Problem description>
Directions for the data below: repeat exactly the lines from the one with "招股书显示,伯希和为2024" through the one with "After infecting a", both included, and omit all pictures.

Given information>
⟨

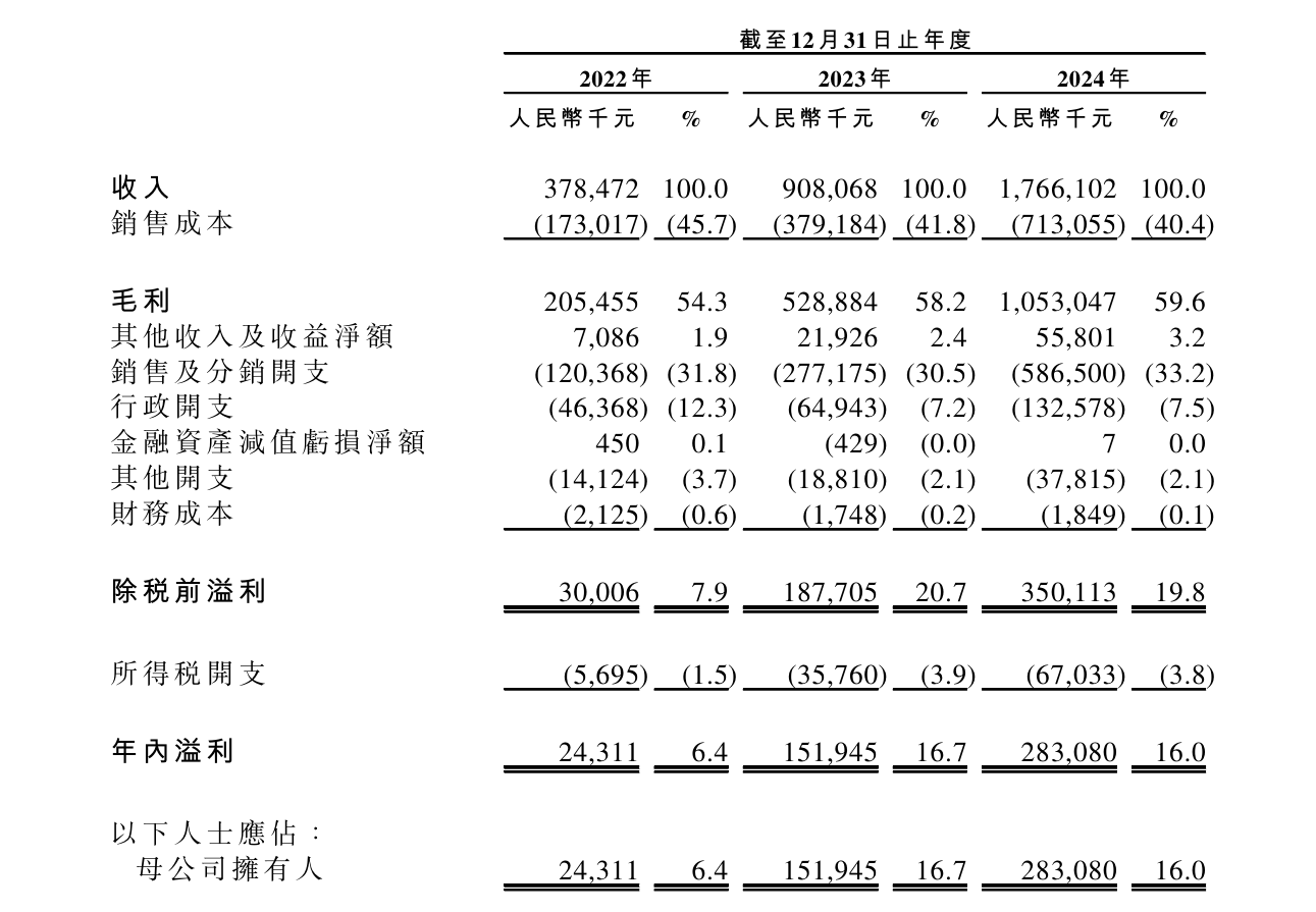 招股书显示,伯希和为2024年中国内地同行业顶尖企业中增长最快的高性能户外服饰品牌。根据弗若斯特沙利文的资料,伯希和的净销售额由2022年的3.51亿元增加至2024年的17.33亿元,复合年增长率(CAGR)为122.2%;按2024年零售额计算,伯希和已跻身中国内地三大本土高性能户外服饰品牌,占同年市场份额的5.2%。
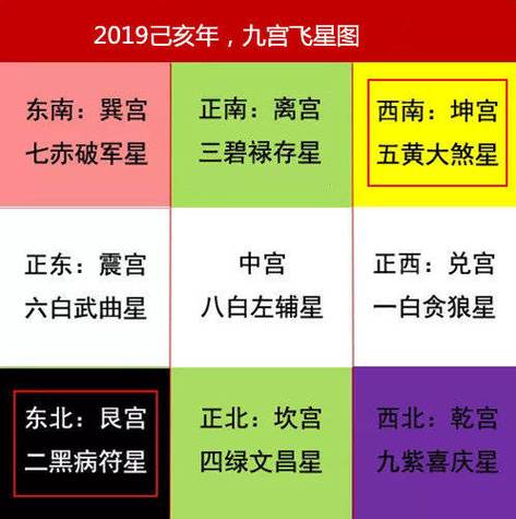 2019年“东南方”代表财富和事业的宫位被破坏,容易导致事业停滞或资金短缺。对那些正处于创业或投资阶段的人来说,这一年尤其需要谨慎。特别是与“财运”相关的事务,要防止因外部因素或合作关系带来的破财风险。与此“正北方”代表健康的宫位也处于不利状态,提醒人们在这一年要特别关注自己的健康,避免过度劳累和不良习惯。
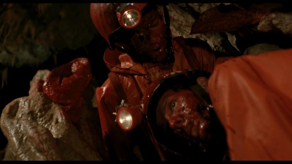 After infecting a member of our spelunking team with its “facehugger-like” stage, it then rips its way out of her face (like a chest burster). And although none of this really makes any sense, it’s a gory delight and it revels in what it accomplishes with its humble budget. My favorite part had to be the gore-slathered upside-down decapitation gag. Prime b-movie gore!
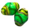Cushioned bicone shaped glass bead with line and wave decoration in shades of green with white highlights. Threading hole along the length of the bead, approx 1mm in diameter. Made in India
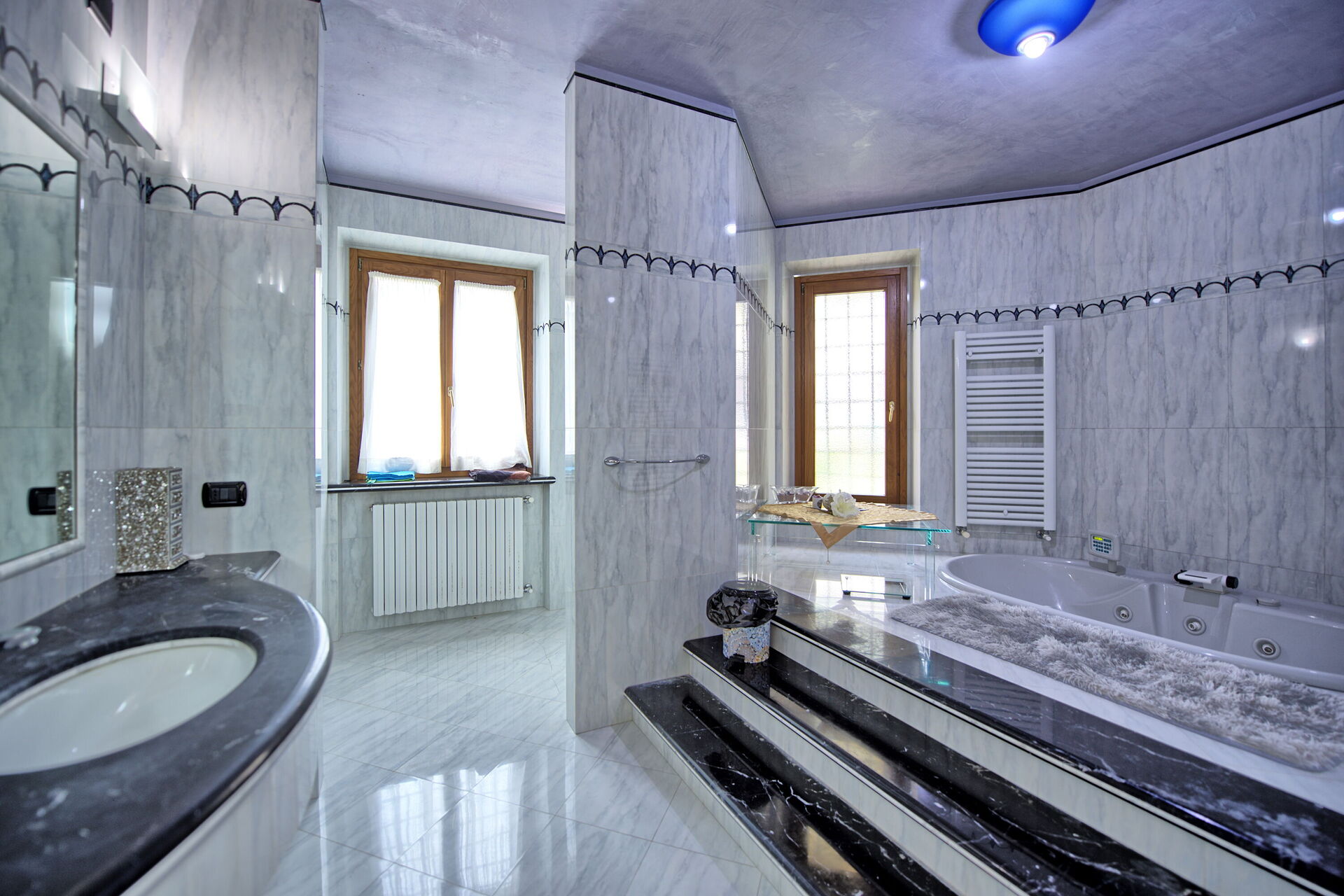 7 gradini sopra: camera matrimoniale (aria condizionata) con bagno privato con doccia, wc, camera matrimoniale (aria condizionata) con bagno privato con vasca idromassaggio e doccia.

⟩
⟨

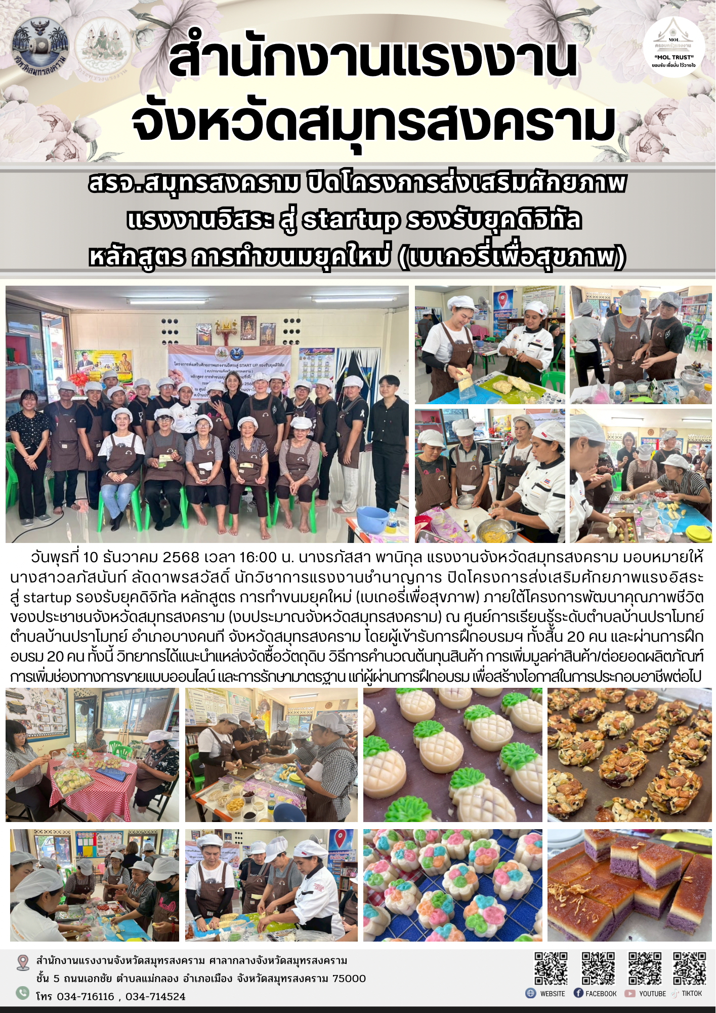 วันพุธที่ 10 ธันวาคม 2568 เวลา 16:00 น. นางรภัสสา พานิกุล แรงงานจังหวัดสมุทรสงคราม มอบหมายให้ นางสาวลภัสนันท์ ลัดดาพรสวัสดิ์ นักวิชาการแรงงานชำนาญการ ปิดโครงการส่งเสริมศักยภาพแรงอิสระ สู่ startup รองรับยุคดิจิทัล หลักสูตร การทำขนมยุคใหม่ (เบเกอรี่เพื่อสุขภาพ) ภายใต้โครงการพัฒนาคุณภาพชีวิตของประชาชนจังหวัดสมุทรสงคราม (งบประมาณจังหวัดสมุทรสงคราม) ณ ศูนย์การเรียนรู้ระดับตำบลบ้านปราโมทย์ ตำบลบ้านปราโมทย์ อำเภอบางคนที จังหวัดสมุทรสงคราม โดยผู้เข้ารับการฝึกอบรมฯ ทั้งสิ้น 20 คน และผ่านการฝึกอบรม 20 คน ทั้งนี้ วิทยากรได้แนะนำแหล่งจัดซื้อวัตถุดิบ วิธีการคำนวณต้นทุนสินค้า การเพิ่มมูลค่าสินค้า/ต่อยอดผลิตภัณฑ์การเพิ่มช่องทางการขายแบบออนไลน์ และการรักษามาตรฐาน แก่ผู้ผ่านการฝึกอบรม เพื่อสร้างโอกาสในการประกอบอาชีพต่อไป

⟩

Answer to this exercise>
 招股书显示,伯希和为2024年中国内地同行业顶尖企业中增长最快的高性能户外服饰品牌。根据弗若斯特沙利文的资料,伯希和的净销售额由2022年的3.51亿元增加至2024年的17.33亿元,复合年增长率(CAGR)为122.2%;按2024年零售额计算,伯希和已跻身中国内地三大本土高性能户外服饰品牌,占同年市场份额的5.2%。
 2019年“东南方”代表财富和事业的宫位被破坏,容易导致事业停滞或资金短缺。对那些正处于创业或投资阶段的人来说,这一年尤其需要谨慎。特别是与“财运”相关的事务,要防止因外部因素或合作关系带来的破财风险。与此“正北方”代表健康的宫位也处于不利状态,提醒人们在这一年要特别关注自己的健康,避免过度劳累和不良习惯。
 After infecting a member of our spelunking team with its “facehugger-like” stage, it then rips its way out of her face (like a chest burster). And although none of this really makes any sense, it’s a gory delight and it revels in what it accomplishes with its humble budget. My favorite part had to be the gore-slathered upside-down decapitation gag. Prime b-movie gore!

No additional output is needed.